Work to be completed:
Please repeat exactly the lines below from the line with "Upstream Environmental Remediation" to the line with "为进一步开拓连云港市场,提升", including both, and leave out every picture.

-- The data follows --

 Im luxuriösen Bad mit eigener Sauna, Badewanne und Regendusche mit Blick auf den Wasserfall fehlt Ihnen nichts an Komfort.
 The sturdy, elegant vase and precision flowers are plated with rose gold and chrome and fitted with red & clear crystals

-- The data concluded --
-- The data follows --

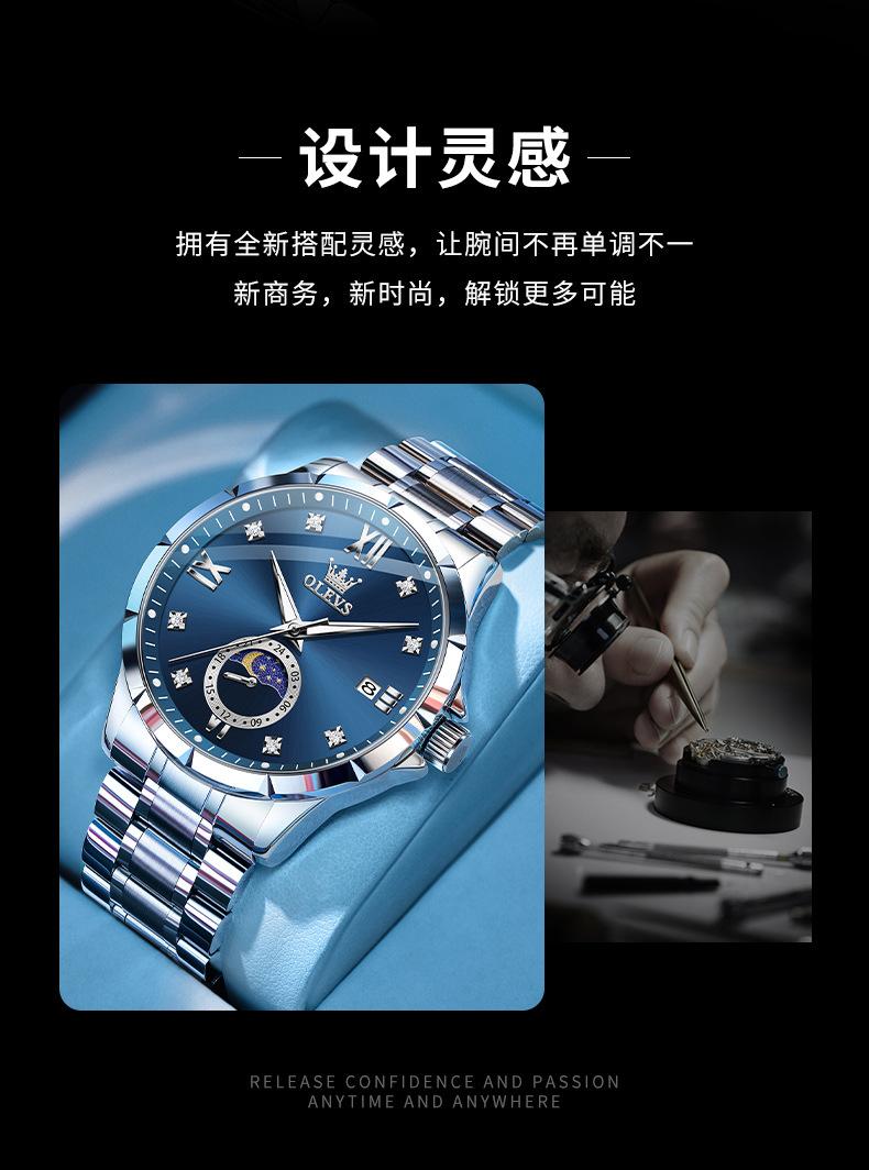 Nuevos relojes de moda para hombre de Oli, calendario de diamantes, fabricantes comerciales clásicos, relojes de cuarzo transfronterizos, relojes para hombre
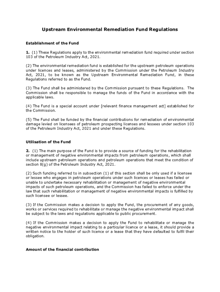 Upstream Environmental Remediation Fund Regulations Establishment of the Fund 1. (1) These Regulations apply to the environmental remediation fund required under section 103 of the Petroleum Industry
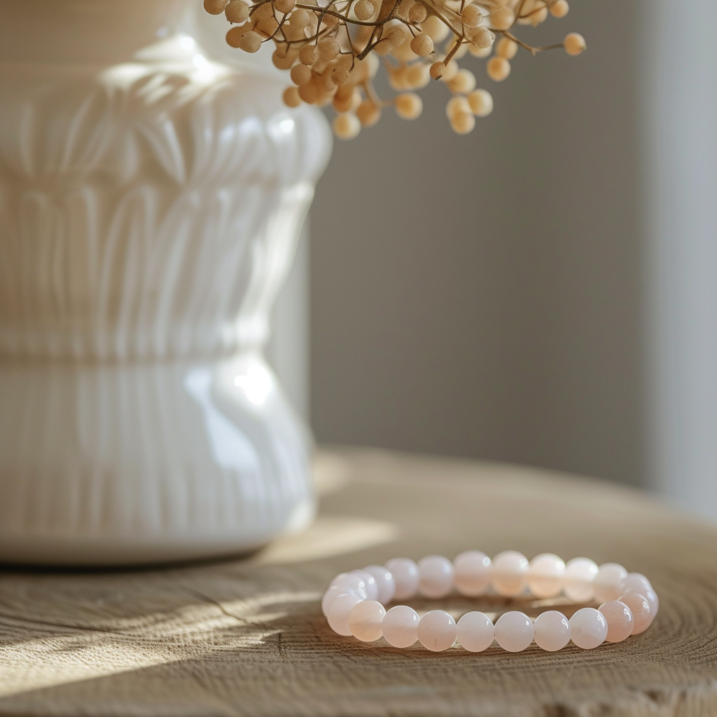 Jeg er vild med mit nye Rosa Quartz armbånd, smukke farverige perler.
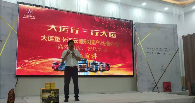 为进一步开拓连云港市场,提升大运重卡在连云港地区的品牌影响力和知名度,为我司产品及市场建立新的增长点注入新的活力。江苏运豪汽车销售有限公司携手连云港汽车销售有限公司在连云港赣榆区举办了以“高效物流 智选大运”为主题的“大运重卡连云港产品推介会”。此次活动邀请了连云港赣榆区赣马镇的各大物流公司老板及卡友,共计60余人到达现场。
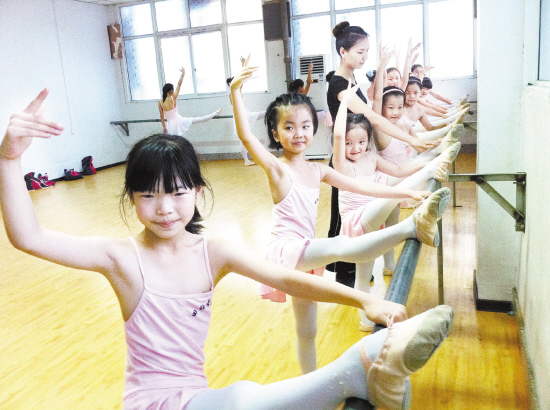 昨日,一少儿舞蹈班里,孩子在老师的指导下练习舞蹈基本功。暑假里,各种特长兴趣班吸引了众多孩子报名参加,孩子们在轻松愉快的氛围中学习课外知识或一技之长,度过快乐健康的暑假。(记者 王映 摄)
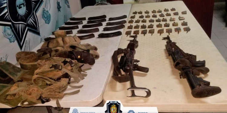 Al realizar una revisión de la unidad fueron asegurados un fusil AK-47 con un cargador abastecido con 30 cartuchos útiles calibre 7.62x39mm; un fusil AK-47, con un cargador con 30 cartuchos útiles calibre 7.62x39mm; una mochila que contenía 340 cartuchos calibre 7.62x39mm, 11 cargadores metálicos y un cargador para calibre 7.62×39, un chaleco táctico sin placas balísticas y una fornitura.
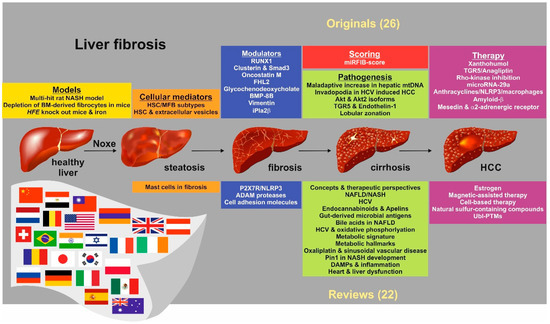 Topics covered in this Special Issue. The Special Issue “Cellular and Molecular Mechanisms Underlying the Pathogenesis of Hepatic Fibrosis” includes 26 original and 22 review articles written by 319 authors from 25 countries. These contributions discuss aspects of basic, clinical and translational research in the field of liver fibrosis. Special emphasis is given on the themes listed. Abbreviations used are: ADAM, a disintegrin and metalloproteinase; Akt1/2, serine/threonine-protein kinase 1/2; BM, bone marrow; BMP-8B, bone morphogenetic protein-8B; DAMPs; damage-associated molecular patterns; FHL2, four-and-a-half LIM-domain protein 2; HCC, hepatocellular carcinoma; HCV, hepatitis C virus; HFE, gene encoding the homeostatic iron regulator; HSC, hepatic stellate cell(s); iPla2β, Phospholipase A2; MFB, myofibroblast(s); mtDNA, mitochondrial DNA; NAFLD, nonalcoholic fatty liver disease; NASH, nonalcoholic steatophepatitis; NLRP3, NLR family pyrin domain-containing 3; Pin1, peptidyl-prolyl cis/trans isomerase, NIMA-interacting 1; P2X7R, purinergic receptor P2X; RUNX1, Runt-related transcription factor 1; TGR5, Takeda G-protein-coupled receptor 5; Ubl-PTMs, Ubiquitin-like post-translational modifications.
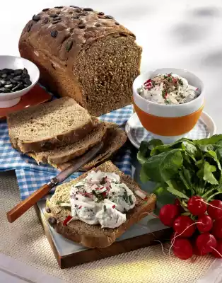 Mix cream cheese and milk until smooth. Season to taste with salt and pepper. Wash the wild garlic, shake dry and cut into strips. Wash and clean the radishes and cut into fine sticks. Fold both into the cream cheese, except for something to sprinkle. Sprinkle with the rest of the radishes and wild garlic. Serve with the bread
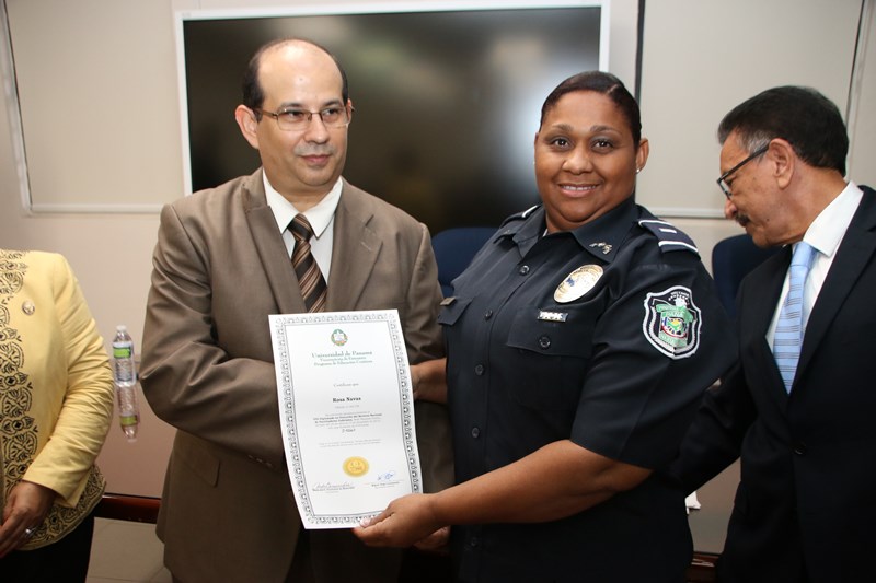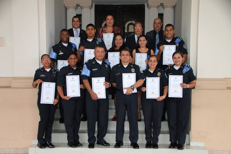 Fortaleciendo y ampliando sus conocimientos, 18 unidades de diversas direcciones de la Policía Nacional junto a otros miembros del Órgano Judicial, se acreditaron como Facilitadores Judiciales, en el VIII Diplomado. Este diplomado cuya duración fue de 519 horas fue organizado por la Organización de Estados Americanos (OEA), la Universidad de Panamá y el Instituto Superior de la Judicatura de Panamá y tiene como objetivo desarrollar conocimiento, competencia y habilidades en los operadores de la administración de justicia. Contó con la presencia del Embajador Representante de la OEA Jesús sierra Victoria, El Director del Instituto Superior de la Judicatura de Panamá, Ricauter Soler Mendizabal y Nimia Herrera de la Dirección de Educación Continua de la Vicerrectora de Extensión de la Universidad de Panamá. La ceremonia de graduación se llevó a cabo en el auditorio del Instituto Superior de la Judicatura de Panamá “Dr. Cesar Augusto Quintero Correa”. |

-- The data concluded --
-- The data follows --

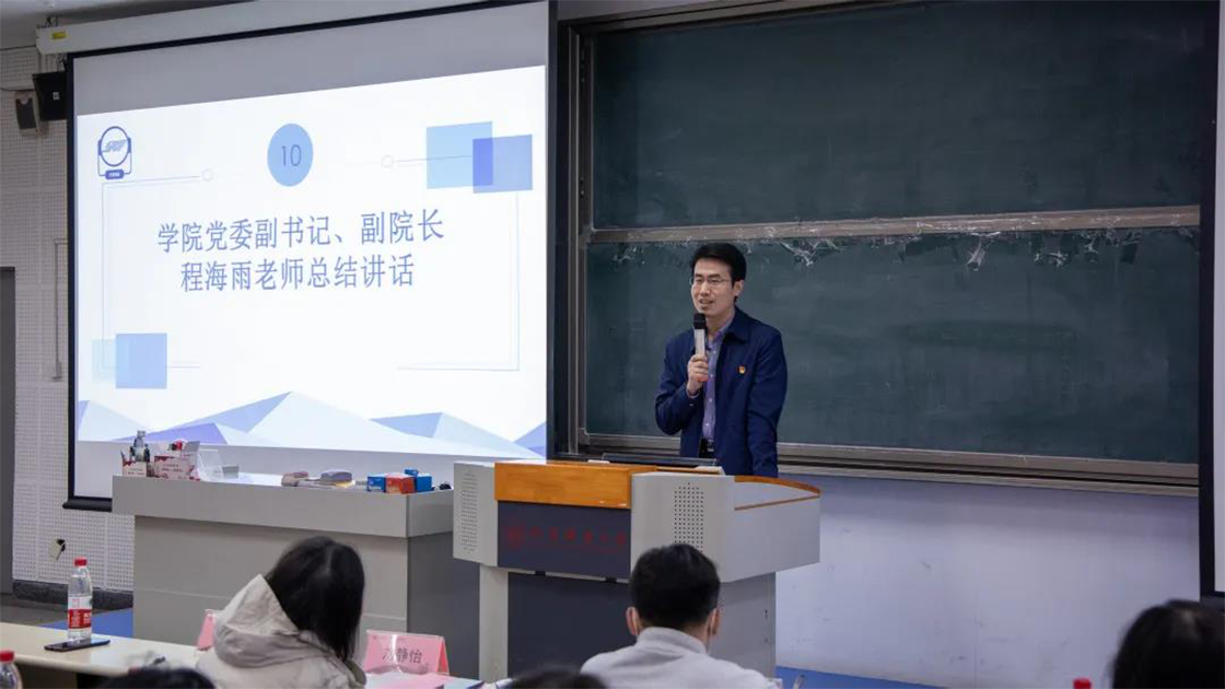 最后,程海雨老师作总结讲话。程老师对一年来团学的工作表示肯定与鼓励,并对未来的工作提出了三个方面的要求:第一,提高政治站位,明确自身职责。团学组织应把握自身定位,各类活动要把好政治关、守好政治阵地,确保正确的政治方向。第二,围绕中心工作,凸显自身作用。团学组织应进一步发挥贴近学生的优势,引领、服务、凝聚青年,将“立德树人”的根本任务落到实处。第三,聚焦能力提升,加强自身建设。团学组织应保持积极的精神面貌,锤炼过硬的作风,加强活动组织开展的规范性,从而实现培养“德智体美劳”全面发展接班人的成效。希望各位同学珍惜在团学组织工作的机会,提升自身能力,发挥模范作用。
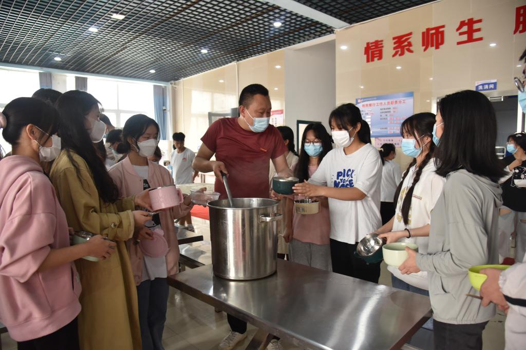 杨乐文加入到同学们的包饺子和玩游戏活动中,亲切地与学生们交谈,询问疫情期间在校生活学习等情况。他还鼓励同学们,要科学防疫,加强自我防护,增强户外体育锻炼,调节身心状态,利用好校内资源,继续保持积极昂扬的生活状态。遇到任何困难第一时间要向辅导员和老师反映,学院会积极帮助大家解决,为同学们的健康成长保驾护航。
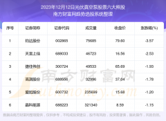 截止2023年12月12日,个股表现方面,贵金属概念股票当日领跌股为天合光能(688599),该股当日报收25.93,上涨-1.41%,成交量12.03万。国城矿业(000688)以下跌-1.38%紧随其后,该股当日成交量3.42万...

-- The data concluded --

Answer space:
 Upstream Environmental Remediation Fund Regulations Establishment of the Fund 1. (1) These Regulations apply to the environmental remediation fund required under section 103 of the Petroleum Industry
 Jeg er vild med mit nye Rosa Quartz armbånd, smukke farverige perler.
 为进一步开拓连云港市场,提升大运重卡在连云港地区的品牌影响力和知名度,为我司产品及市场建立新的增长点注入新的活力。江苏运豪汽车销售有限公司携手连云港汽车销售有限公司在连云港赣榆区举办了以“高效物流 智选大运”为主题的“大运重卡连云港产品推介会”。此次活动邀请了连云港赣榆区赣马镇的各大物流公司老板及卡友,共计60余人到达现场。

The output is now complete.